1. $m < 1/5$ or $m > 1/3$
2. $m \neq 1/3$
3. $-1 < m < 1/3$

Let's find the intersection of these conditions: The interval $(-1, 1/3)$ from condition 3. Intersect this with $(-\infty, 1/5) \cup (1/3, \infty)$ from condition 1. The intersection is $(-1, 1/5)$. Condition 2 ($m \neq 1/3$) is already satisfied by this interval. Also, the conditions for vertices B and C to be well-defined ($m \neq 1/3$ and $m \neq -1$) are satisfied by this interval.

So, the possible values of the slope $m$ for which the origin is an interior point of the triangle are $m \in (-1, 1/5)$.

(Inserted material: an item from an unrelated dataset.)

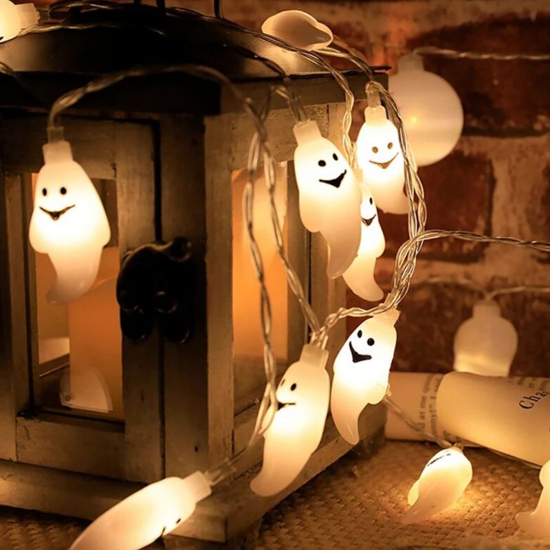 LED Geister Lichterkette - 198cm Batteriebetrieb Gruseldekoration

The question asks for the "not possible values of slope of third side such that origin is an interior point of triangle". This means we need to find the complement of the interval $(-1, 1/5)$ on the real number line. The complement is $(-\infty, -1] \cup [1/5, \infty)$.

The final answer is $\boxed{(-\infty, -1] \cup [1/5, \infty)}$.

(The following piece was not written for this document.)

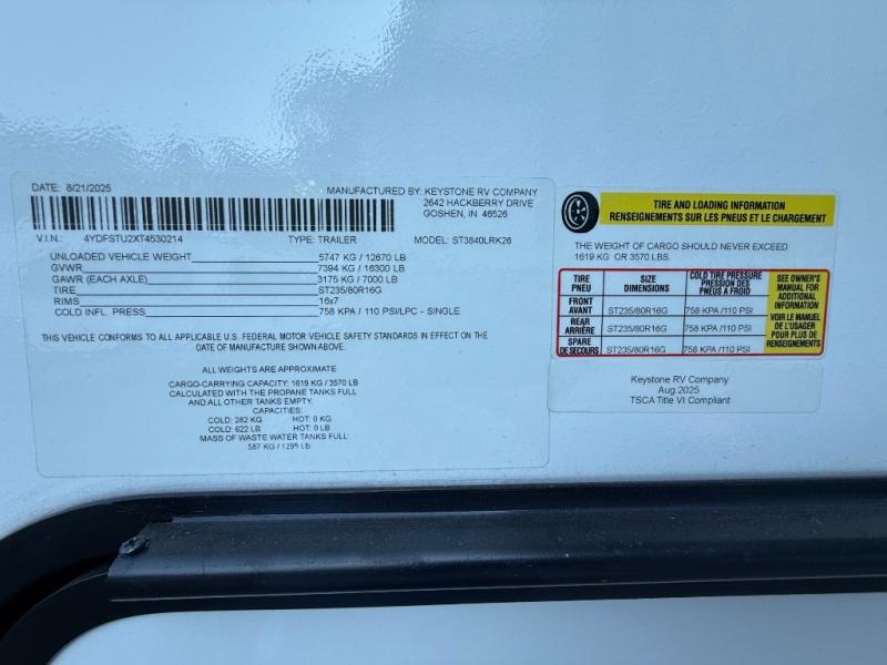 New 2026 Keystone RV Sprinter 3840LRK Fifth Wheel
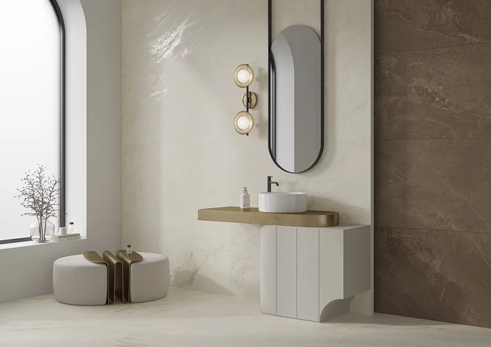 Коллекция основана на эстетике натурального травертина Rapolano, известного своими утонченными, нерегулярными узорами и естественной игрой света. Плитка доступна в форматах: 598x1198 мм и 1198x1198 мм, с поверхностью, отделанной матовой глазурью с сатиновой структурой, очень приятной на ощупь. Все это обогащают нежные, блестящие декоративные эффекты, которые добавляют элегантности и вносят в интерьер природную легкость.

Explanation of the solution:

1. Identify the equations of the two given sides ($L_1, L_2$) and the general equation of the third side ($L_3$) with slope $m$.
2. Calculate the coordinates of the three vertices of the triangle ($A, B, C$) by finding the intersection points of these lines.
3. For the origin $(0,0)$ to be an interior point, it must lie on the same side of each line as the vertex opposite to that line. This is checked using the sign of the line equation evaluated at the origin and the opposite vertex.
   • Origin and vertex $A$ must be on the same side of $L_3$.
   • Origin and vertex $B$ must be on the same side of $L_2$.
   • Origin and vertex $C$ must be on the same side of $L_1$.
4. Set up inequalities based on these conditions.
5. Solve the inequalities for $m$.
6. Find the intersection of all valid ranges of $m$. This gives the possible values of $m$.
7. The question asks for "not possible values", so find the complement of the derived range.

Answer:

The not possible values of slope of third side such that origin is an interior point of triangle is $(-\infty, -1] \cup [1/5, \infty)$.

The final answer is $\boxed{(-\infty, -1] \cup [1/5, \infty)}$.